Take the records below from their first line through the line holding "Grandma’s Touch Childcare", and set each of those lines down exactly, without pictures.

##### DATA TO EXAMINE #####

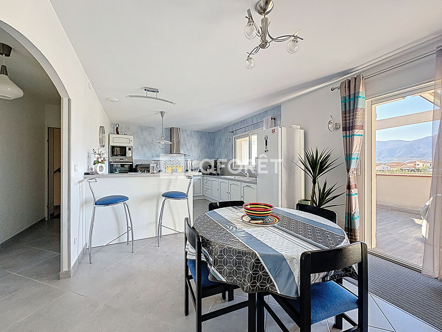La pièce de vie avec cuisine ouverte se situe au 1er étage, bénéficiant ainsi d'une luminosité optimale . L'accès terrasse offre un espace détente, barbecue...avec une vue à couper le souffle sur les montagnes. Une chambre ,une salle d'eau et un cellier viennent compléter l'étage.
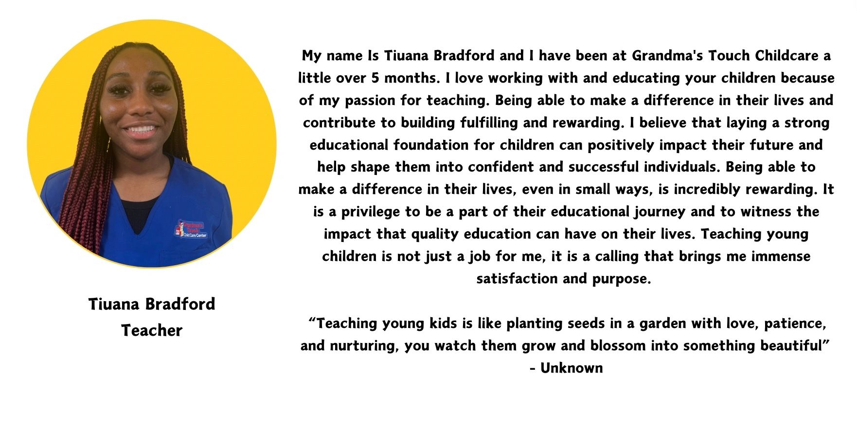 Grandma’s Touch Childcare is always looking for energetic and passionate teachers to join our family. Our staff helps foster an empowering learning environment to enhance childhood development. Please get in contact with us if you are inspired by coming to work each day knowing your actions has a positive impact on your community and the next generation of future leaders.
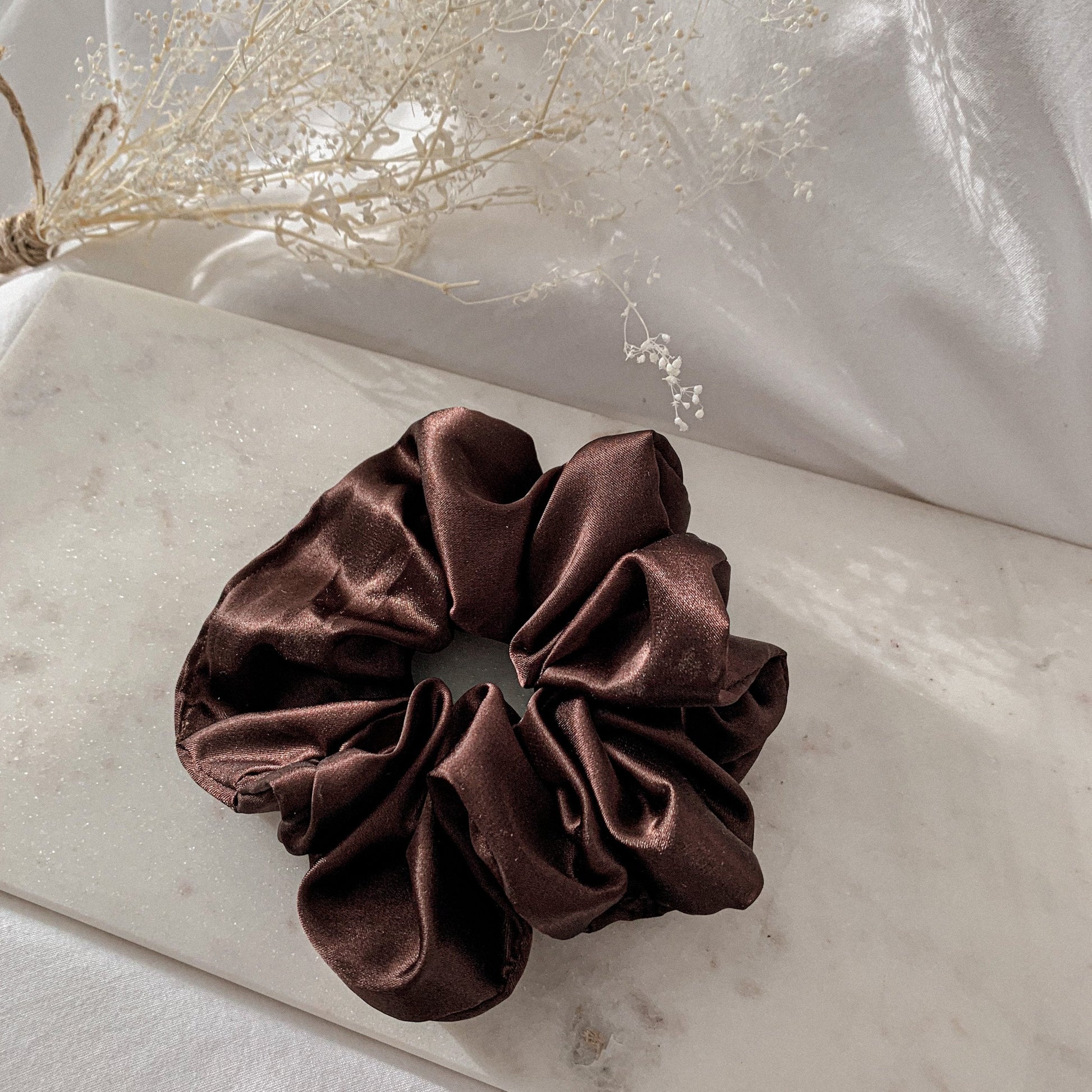 Large, super-soft satin scrunchies that will become a part of your everyday must-haves. Upgrade your top knot or pony or just wear them on your wrist. Choose from a selection of 4 colors: White, Champagne, Espresso, and Black.
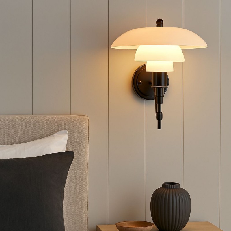 • Éclairage sans éblouissement : Son système d'abat-jour en verre triple opale dirige la lumière vers le bas de manière douce et diffuse, en évitant les reflets.
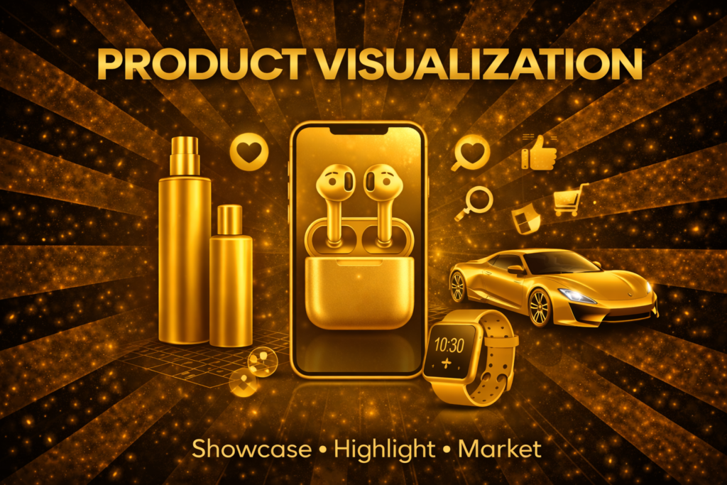 Product visualization is the process of creating detailed and realistic images or animations of a product using 3D modeling and rendering techniques. This allows designers and marketers to showcase products before they are physically produced, enabling a clear and accurate representation of the final product. Product visualization is widely used in industries such as consumer goods, automotive, and fashion, enhancing marketing materials, improving design processes, and aiding in decision-making by providing a lifelike preview of the product’s appearance and functionality.
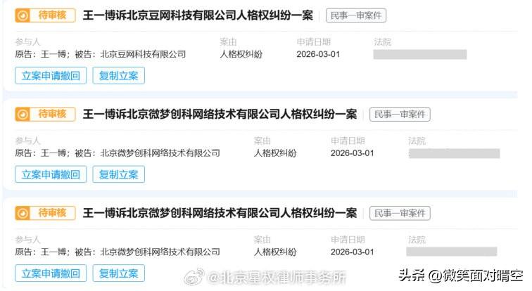 王一博起诉啦!针对此次的构陷造谣,北京星权律师已于3月1日将微博用户“ik ***_O”(UID:847****843)、微博用户“小弟**_”(UID:777****759)、豆瓣用户“爱**”(豆瓣ID:214***299)等起诉至法院,现已完成立案材料的递交工作。
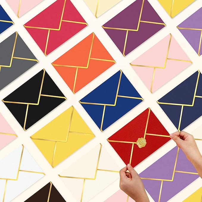• Compatibility: you will receive 60 pack delicate A7 envelopes ( 5.3"x7.3"), and more than 60 pcs gold self-adhere seals,the 5x7 envelopes are acceptable to put in 5x7 / 4x6 /3x5 inch cards, and the cards in size of A5/A6/A7/A8. Other bigger sizes are NOT acceptable
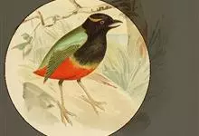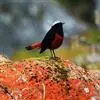 红头咬鹃: 体大,体长约33厘米,体重75-110克。头、颈暗绯红色;背、肩锈褐色。两翅黑色,翅上覆羽和内侧飞羽密被白色细虫蠹斑纹,初级飞羽黑色,外侧具白色羽缘;腰和尾上覆羽较多锈色。中央尾羽深栗色,…全部>>
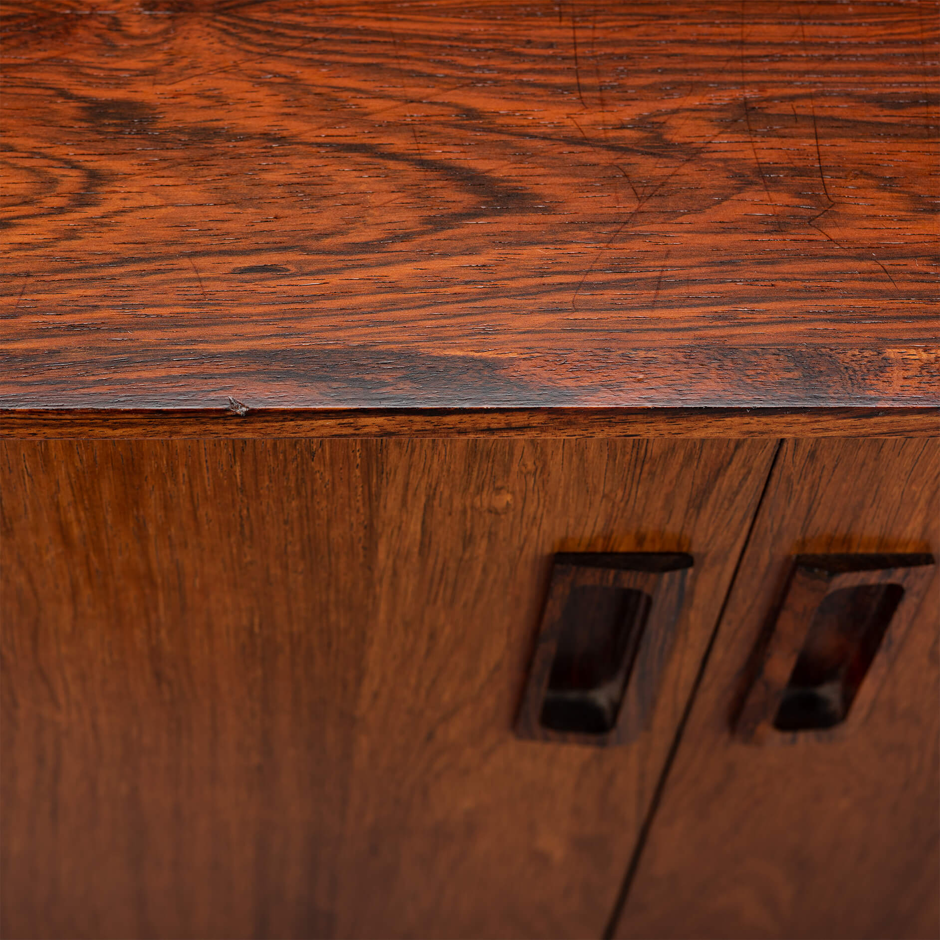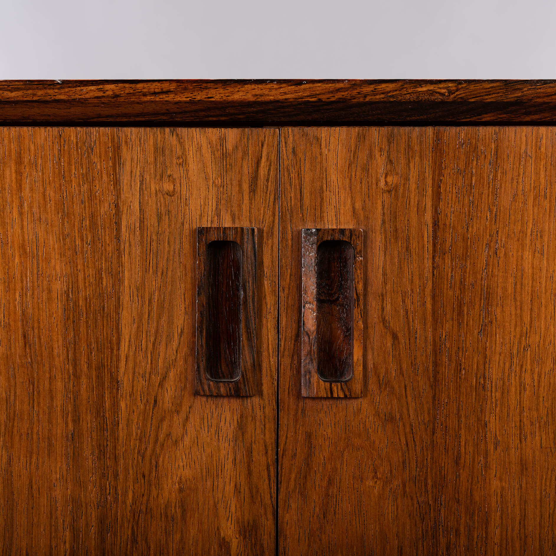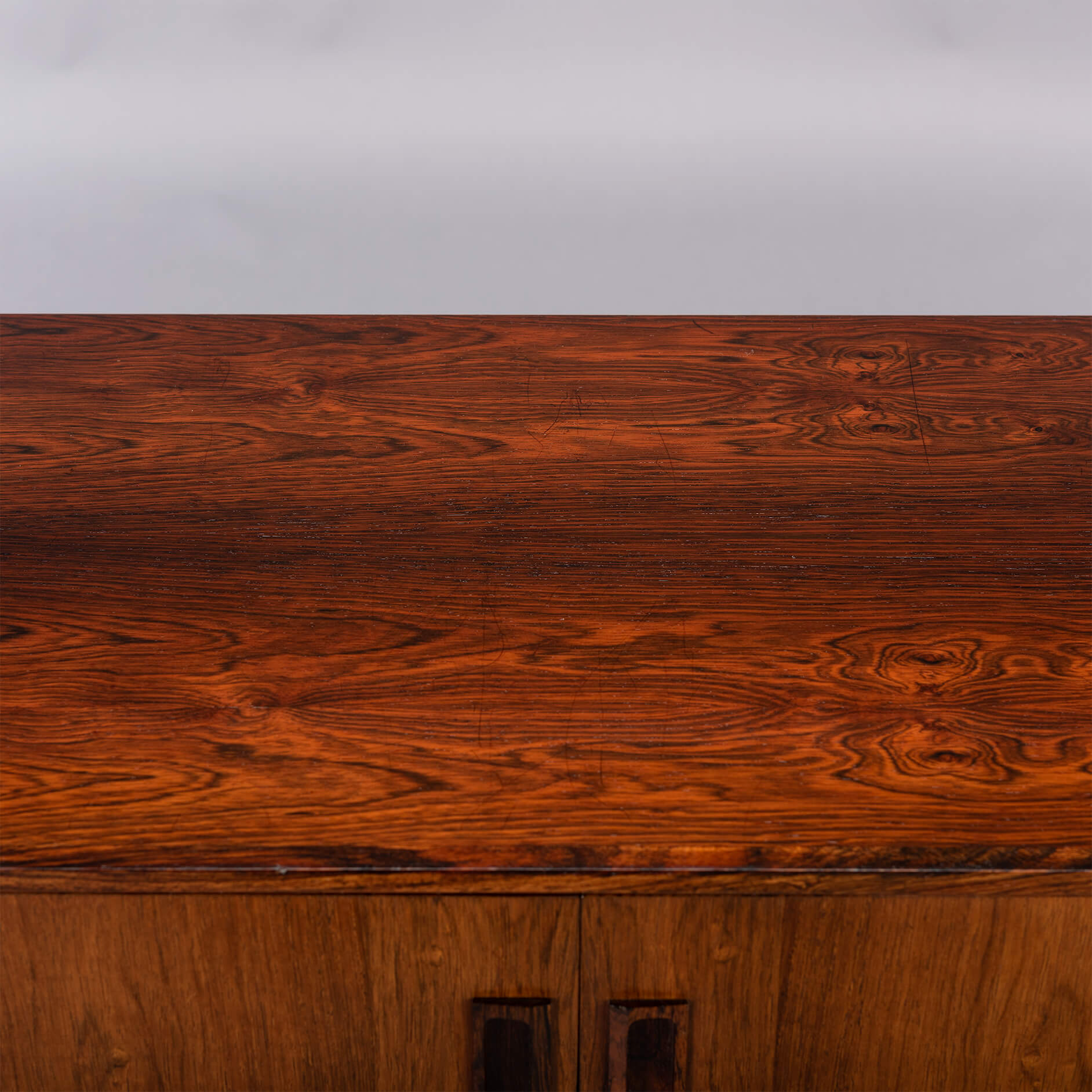 This sideboard from the early 60s is still in fully original condition with nicely cut grips on the doors. This sideboard is in good vintage condition with despite of the refinishing still some visible vintage marks on the top.
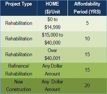 The HOME assisted project must meet the affordability requirements for not less than the applicable period specified in the chart below beginning after project completion. The affordability period is based on the HOME investment per unit.
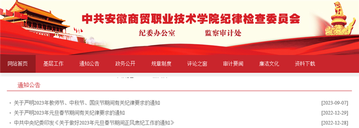 图7 校纪检监察网站发布和转发节前严明纪律提醒通知(部分)
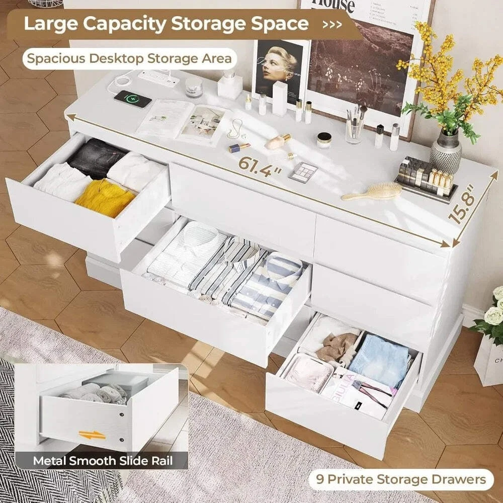 Mid-century modern 9-drawer wide dresser with ample storage space
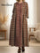 Women's Pleated Geometry Patterns Print Doll Collar Casual Long-sleeved Dress

#####

» **COMPLETED EXERCISE**
La pièce de vie avec cuisine ouverte se situe au 1er étage, bénéficiant ainsi d'une luminosité optimale . L'accès terrasse offre un espace détente, barbecue...avec une vue à couper le souffle sur les montagnes. Une chambre ,une salle d'eau et un cellier viennent compléter l'étage.
 Grandma’s Touch Childcare is always looking for energetic and passionate teachers to join our family. Our staff helps foster an empowering learning environment to enhance childhood development. Please get in contact with us if you are inspired by coming to work each day knowing your actions has a positive impact on your community and the next generation of future leaders.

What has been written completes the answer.